Step 6 (ES): Assuming that  $T_{PC,ES} = T_{RX,ED} + T_{PC,ED} - T_{\Delta}$  and  $N_{ES} \ge N_{UL} + \lceil T_{\Delta}/T_{sample} \rceil$ , the RX DMA at the ES starts to transfer  $N_{ES}$  IQ samples (due to the request in Step 2)  $T_{\Delta}$  second before the EDs' transmissions, where  $T_{sample}$  is the sample period. After executing read( $N_{ES}$ ), the ES receives the superposed signal starting from the  $\lceil T_{\Delta}/T_{sample} \rceil$  sample.

The procedure can be repeated after the ES waits for  $T_{\text{wait,ES}}$  seconds to allow the EDs to be ready for the next communication cycle and complete its own internal signal processing, where each cycle takes  $T_{\text{PC,ED}} + T_{\text{RX,ED}} + T_{\text{TX,ED}} + T_{\text{Wait,ES}}$  seconds. Note that the parameters  $T_{\text{PC,ED}}$ ,  $T_{\text{RX,ED}}$ ,  $T_{\text{TX,ED}}$ ,  $T_{\text{PC,ES}}$ ,  $T_{\Delta}$  and  $T_{\text{wait,ES}}$  can be pre-configured or configured online by the CC (e.g., through an advanced extensible interface (AXI)). Their values depend on the (slowest) processing speed of the constituent CCs in the network. The timers for  $T_{\text{PC,ED}}$ ,  $T_{\text{RX,ED}}$ ,  $T_{\text{TX,ED}}$ , and  $T_{\text{PC,ES}}$  can be implemented as counters that count up on each FPGA clock tick. The distinct feature of the proposed block and the corresponding procedure is that the timers are set up via  $\mathbf{x}_{\text{SYNC}}$  in the receive and transmit directions at both EDs and ES without using the CC.

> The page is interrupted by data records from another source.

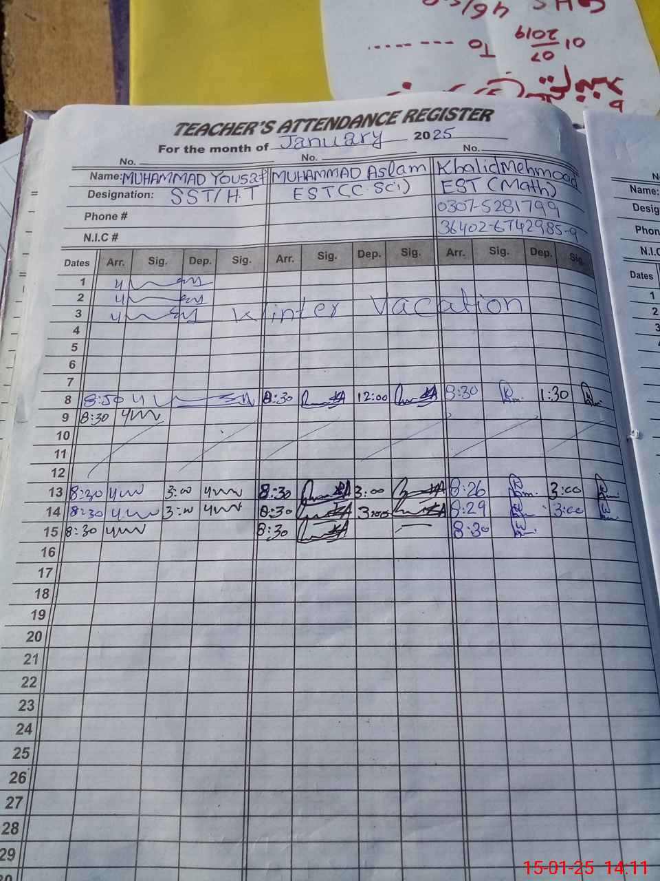 | Name: Mu**** Yo**** Designation: (School Headmaster's/Headmistress's) S.S.T.(GEN) Phone/Cell Number: 03**** |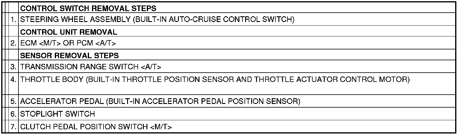 - Do not replace the ECM[ M/T] or PCM[ A/T] and the ETACS-ECU simultaneously. Always replace either one of the ECUs first, and register the encrypted code Encrypted Code Registration Criteria Table ). Then, replace the other ECU.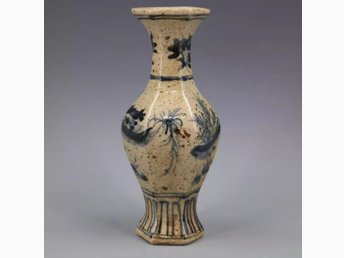 Ming blå och vit figur sexkantig vas, 20,5 cm hög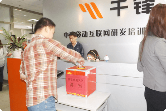千鋒教育發起“雅安,你要平安-為雅安地震災區捐款”的倡議,號召全體員工及學員捐款,通過深圳壹基金公益基金會捐助給災區。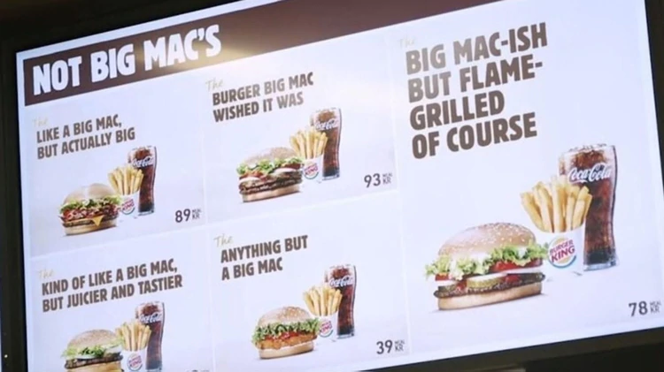"Como un Big Mac, pero realmente grande"; "La hamburguesa que el Big Mac desearía haber sido"; "Como un Big Mac, pero más jugosa y más sabrosa" y "Cualquier cosa excepto un Big Mac". Estas fueron algunas de las frases que utilizó Burger King en los afiches que empapelaron sus locales de comida rápida en Europa.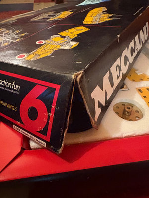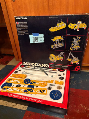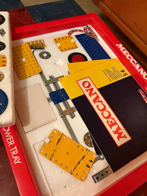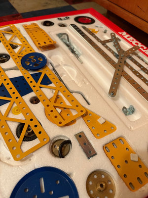 Meccano construction toy set featuring yellow perforated metal strips, blue wheels and gears, metal brackets and plates, nuts and bolts, and an instruction booklet. UNTESTED FOR COMPLETENESS.

#### A. Synchronization Waveform Design and Its Detection

The design of the synchronization waveform  $\mathbf{x}_{SYNC}$  and its detection under carrier frequency offset (CFO) with limited FPGA resources were two major issues that we dealt with in our implementation. We address these challenges by synthesizing  $\mathbf{x}_{SYNC}$  based on a single-carrier (SC) waveform with the roll-off factor of 0.5 by upsampling a repeated binary phase shift keying (BPSK) modulated sequence, i.e.,  $2[\mathbf{g} \ \mathbf{g} \ \mathbf{g} \ \mathbf{g}] - 1$ , by a factor of  $N_{up} = 2$  and passing it through a root-raised cosine (RRC) filter, where  $\mathbf{g} = [g_1, ..., g_{32}] \in \mathbb{R}^{1 \times 32}$  is a binary Golay sequence. As a result, the null-to-null bandwidth of  $\mathbf{x}_{SYNC}$  is equal to  $0.75 f_{sample}$ , where  $f_{sample}$  is the sample rate.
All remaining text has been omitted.